Steven A. Steinbach is on the faculty of Sidwell Friends School, Washington, DC where he has served as the Clerk of the Faculty and the chair of the History
Department, and where he teaches courses in United States History and American Government. Prior to becoming a high school teacher, he was a partner in the Washington, DC, law firm of Williams & Connolly LLP, where he specialized in criminal and civil litigation. He holds degrees from Harvard College, Yale Law School, and St. John’s College, Annapolis.
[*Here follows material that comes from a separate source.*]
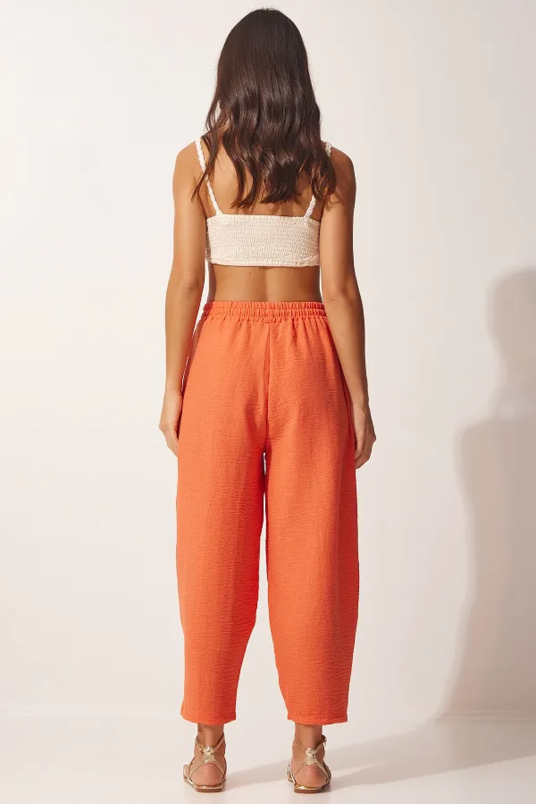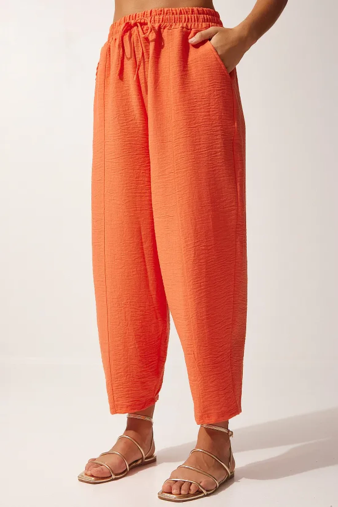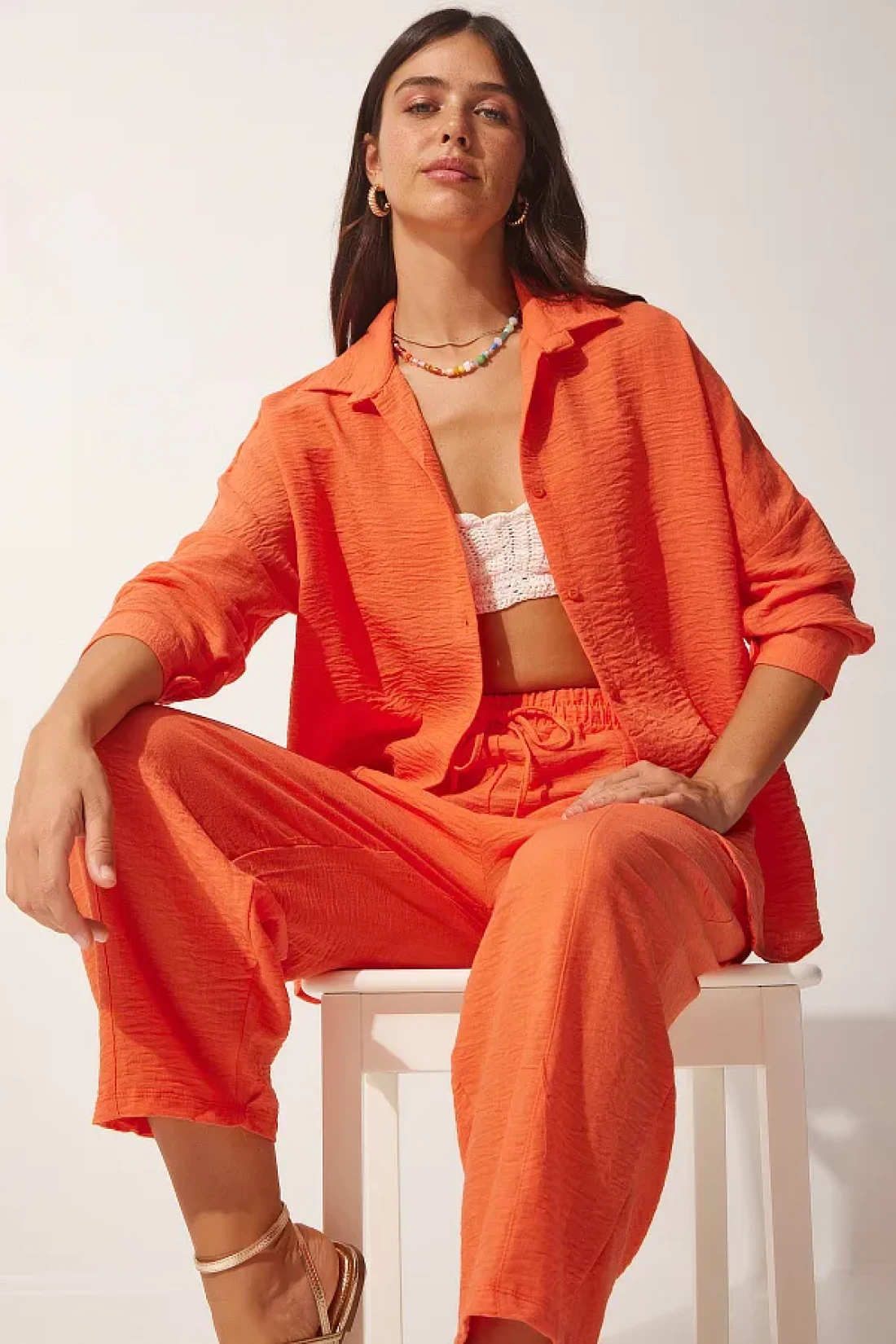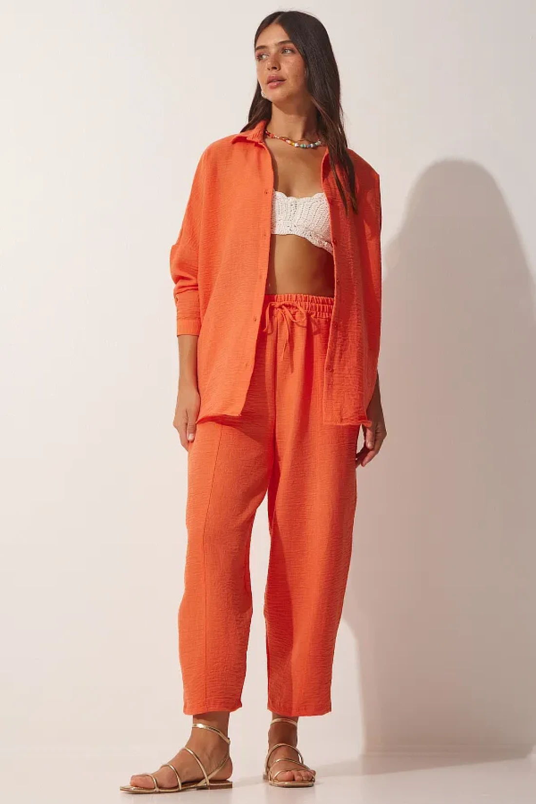 Happiness İstanbul Women's Orange Linen Shirt Baggy Trousers Set DZ00080

Steinbach is co-editor of With Liberty and Justice for All?: The Constitution in the Classroom (Oxford University Press, 2022), a unique approach to the study of both the Constitution and US History intended for classroom teachers, their students and interested citizens more generally. The book features contributions from leading constitutional historians and includes a Foreword by the late Justice Ruth Bader Ginsburg. He serves on the Board of Directors of the Historical Society of the District of Columbia Circuit, the Steering Committee of the Quill Project of Pembroke Colleg Oxford, and the Advisory Council of the Educating for American Democracy Initiative.

Craig Wright, Moses.

YACOL course taught: Madness at the Movies
Craig Wright, Moses Professor Emeritus of Music at Yale, holds an M.A. and Ph.D. from Harvard. During his tenure at Yale, Wright served as chair of the Department of Music (1986-1992) and Academic
Director of Online Education (2014-2017). He has published seven books on music and cultural history the most recent being The Hidden Habits of Genius (Harper Collins), an Amazon Top-20 Book Selection for 2020. His two Yale/Coursera online courses, “Introduction to Classical Music,” and “The Nature of Genius” have attracted more than 225,000 participants. Yale has recognized Wright’s contributions undergraduate teaching in the form of its two most prestigious prizes, the Sewall Prize and the DeVane Medal. He was also awarded a Guggenheim Fellowship, an honorary doctorate from the University of Chicago, and in 2010 was elected a member of the American Academy of Arts and Sciences.